LLM Launcher TUI screenshot

LLM Launcher (llml) is a TUI for people who already have models on disk and are tired of reconstructing launch commands from shell history.

It scans your local filesystem for GGUF and Hugging Face-style safetensors models, detects installed runtimes (llama.cpp, vLLM, and Ollama), and lets you save named parameter profiles per model — so the command that worked last time is always one keystroke away.

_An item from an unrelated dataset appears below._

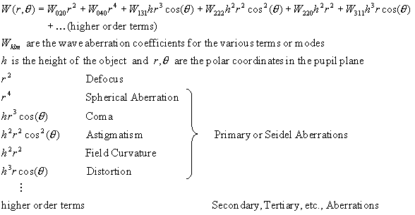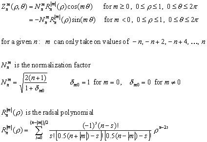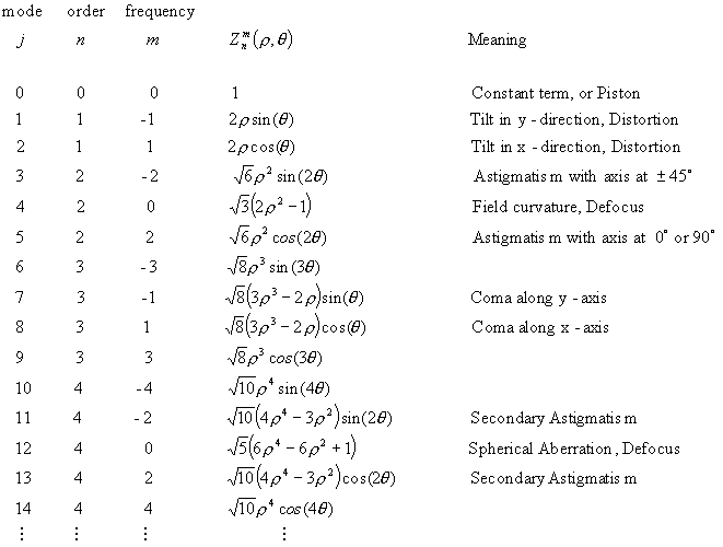 Comparison with the terms in equation (2) shows that the functional form of the traditional wave aberration terms or modes are represented in the various Zernike polynomials.

Browse local models. Detect the right runtime. Launch with one key.

✨ Features

  • Model discovery — auto-scans common paths for GGUF files and safetensors model directories; add extra roots via LLML_MODEL_PATHS and/or config.toml. Results are cached under {UserConfigDir}/llml/config.toml so the next launch can skip the filesystem walk when the cache is still valid.
  • Runtime detection — finds installed llama-server and vllm binaries and maps installed ollama plus the configured Ollama host, then maps each model to its compatible runtime.
  • Named parameter profiles — save multiple profiles per model (e.g. fast-laptop, quality, api-8080), each storing runtime args, env vars, port, and context settings. The active profile is always one key away.
  • One-keystroke launch — select a model, select a profile, press R. The generated command is shown before execution and server output streams directly in the TUI.
  • Persistent status and alert history — long-running work such as Ollama preloads stays visible in a persistent status line, while warnings and errors remain inspectable in a dedicated alert-history pane.
  • Ollama preload flow — Ollama models are discovered via the Ollama API. Pressing R starts ollama serve if needed, then preloads the selected model into the shared Ollama service with keep_alive: -1.
  • Zero required setup — common model directories and binary locations are checked automatically; configure only what differs from the defaults.

🚀 Quick start

Runtime Requirements

  • Runtime engine (at least one): llama.cpp (llama-server) for GGUF models, vLLM (vllm) for safetensors models, and/or Ollama (ollama) for Ollama models are installed (see Runtime Engines).
  • Models in default scan locations, or configure custom roots with LLML_MODEL_PATHS (see Model Discovery).

Install

Pick one path; you only need a single install method.

Go (go install)

Requires Go 1.26+. Ensure $(go env GOPATH)/bin is on your PATH.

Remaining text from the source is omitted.